# ABOUT THIS TASK
All pictures are to be omitted while the lines starting at the line with "気が付かずに ServerActions になってしまうものが出" and ending at the line with "Complete Tax &" in the material below are retyped exactly, both ends included.

# PROVIDED MATERIAL
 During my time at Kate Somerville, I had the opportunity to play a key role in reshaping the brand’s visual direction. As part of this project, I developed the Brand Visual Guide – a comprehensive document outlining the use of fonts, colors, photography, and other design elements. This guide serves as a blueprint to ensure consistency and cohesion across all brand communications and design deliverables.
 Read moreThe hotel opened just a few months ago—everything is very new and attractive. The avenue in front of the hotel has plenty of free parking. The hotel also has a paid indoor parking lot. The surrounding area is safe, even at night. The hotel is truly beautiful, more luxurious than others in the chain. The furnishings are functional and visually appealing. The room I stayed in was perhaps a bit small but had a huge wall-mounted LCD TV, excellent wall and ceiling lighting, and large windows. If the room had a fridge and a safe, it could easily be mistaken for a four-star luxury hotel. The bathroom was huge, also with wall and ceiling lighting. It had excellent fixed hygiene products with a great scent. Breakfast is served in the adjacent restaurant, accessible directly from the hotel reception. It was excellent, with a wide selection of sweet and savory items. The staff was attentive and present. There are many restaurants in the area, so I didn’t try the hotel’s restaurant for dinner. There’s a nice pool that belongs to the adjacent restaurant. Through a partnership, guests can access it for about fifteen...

--

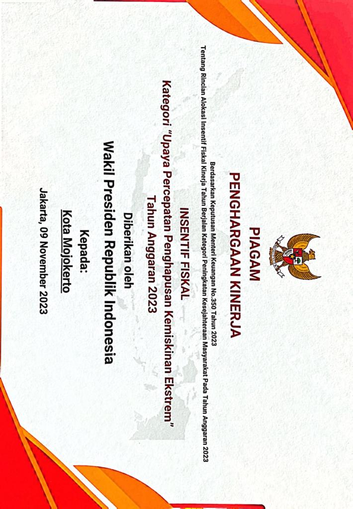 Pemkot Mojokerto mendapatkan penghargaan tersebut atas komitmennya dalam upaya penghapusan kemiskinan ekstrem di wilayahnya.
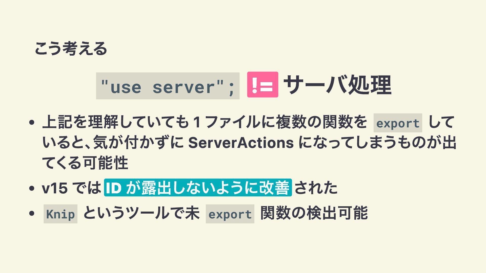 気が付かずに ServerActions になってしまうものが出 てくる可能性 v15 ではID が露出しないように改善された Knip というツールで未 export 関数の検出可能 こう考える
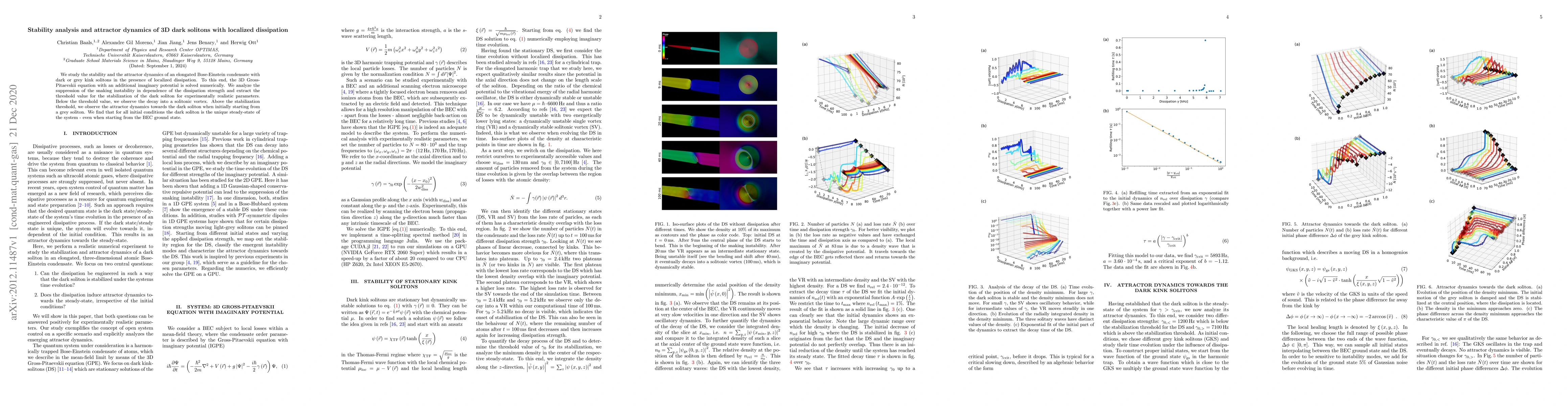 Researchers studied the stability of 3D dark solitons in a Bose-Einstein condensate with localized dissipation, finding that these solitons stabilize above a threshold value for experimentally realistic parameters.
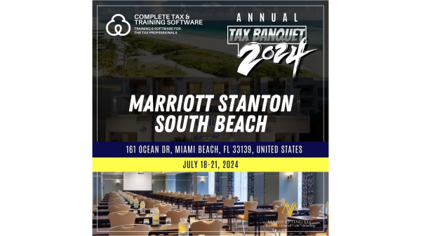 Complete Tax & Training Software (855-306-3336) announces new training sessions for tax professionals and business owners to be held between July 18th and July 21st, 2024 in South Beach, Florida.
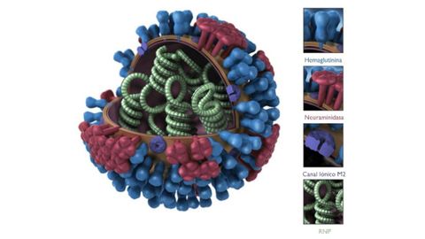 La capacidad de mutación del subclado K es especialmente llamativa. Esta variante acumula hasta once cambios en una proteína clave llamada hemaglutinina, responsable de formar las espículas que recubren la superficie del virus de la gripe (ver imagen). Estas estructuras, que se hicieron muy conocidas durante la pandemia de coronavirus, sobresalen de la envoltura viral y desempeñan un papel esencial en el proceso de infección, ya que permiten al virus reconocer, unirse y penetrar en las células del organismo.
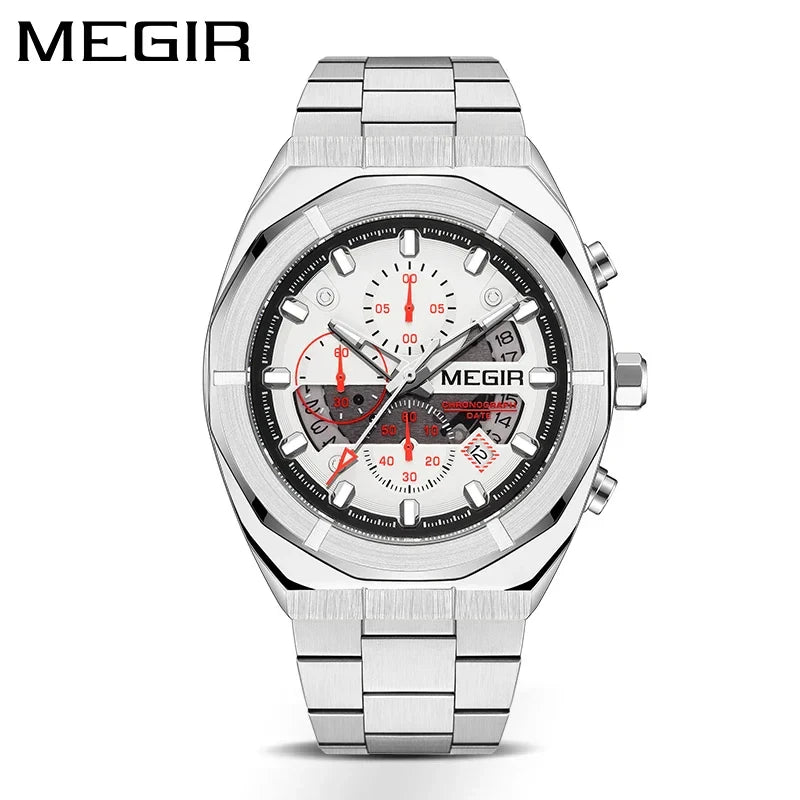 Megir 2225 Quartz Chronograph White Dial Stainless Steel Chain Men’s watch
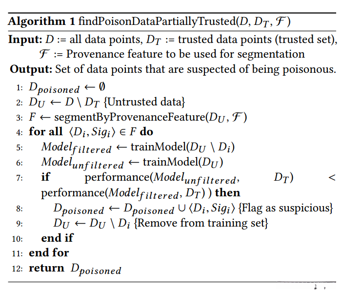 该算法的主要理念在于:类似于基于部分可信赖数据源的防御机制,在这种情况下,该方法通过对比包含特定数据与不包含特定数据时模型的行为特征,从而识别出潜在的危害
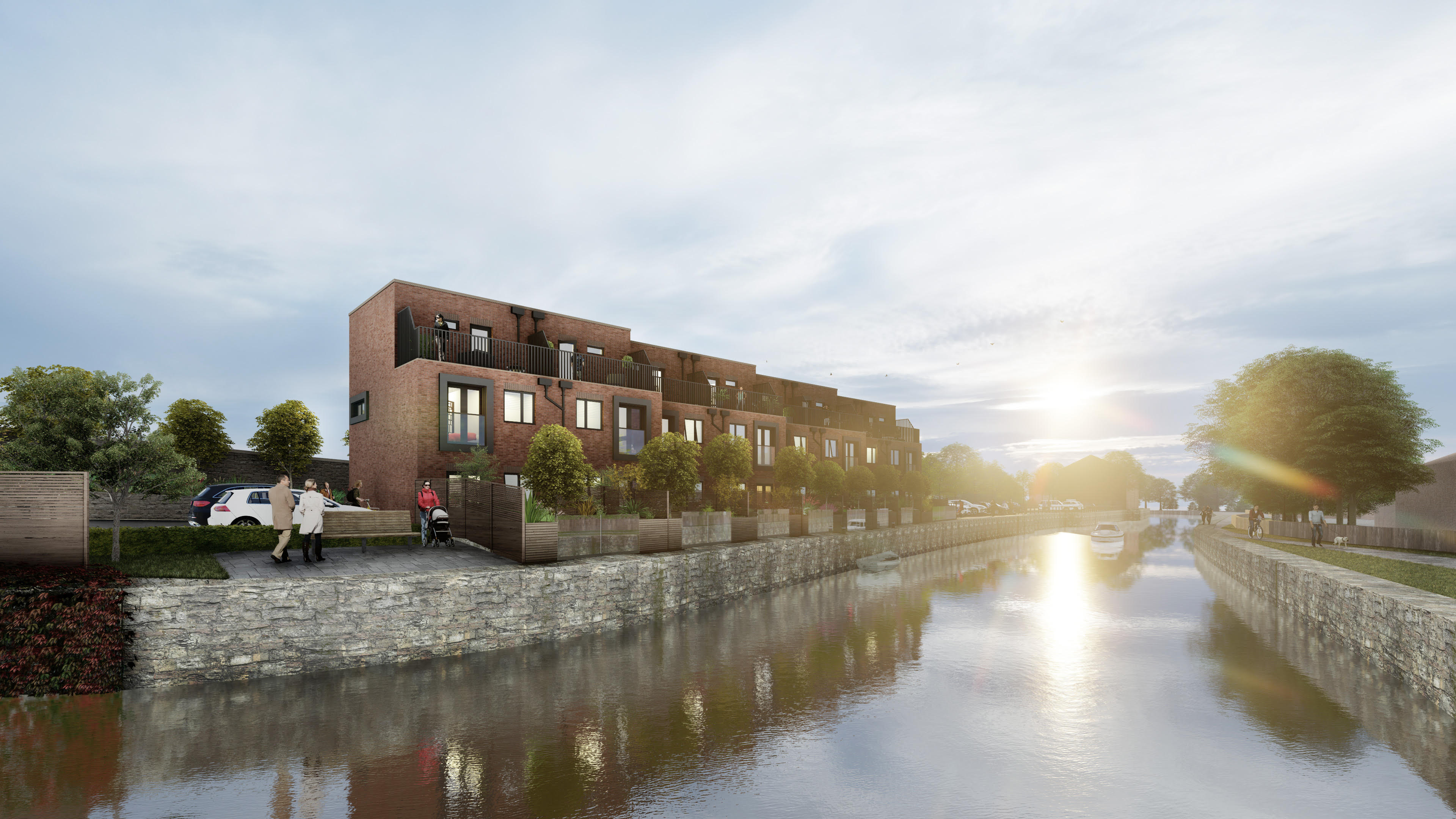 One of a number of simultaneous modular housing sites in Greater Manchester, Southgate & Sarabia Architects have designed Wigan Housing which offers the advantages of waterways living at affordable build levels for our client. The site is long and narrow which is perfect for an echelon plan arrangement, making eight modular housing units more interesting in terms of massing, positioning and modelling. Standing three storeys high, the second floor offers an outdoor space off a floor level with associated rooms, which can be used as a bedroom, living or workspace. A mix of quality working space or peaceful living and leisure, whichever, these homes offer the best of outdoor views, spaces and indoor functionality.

# WRITTEN ANSWER
 気が付かずに ServerActions になってしまうものが出 てくる可能性 v15 ではID が露出しないように改善された Knip というツールで未 export 関数の検出可能 こう考える
 Researchers studied the stability of 3D dark solitons in a Bose-Einstein condensate with localized dissipation, finding that these solitons stabilize above a threshold value for experimentally realistic parameters.
 Complete Tax & Training Software (855-306-3336) announces new training sessions for tax professionals and business owners to be held between July 18th and July 21st, 2024 in South Beach, Florida.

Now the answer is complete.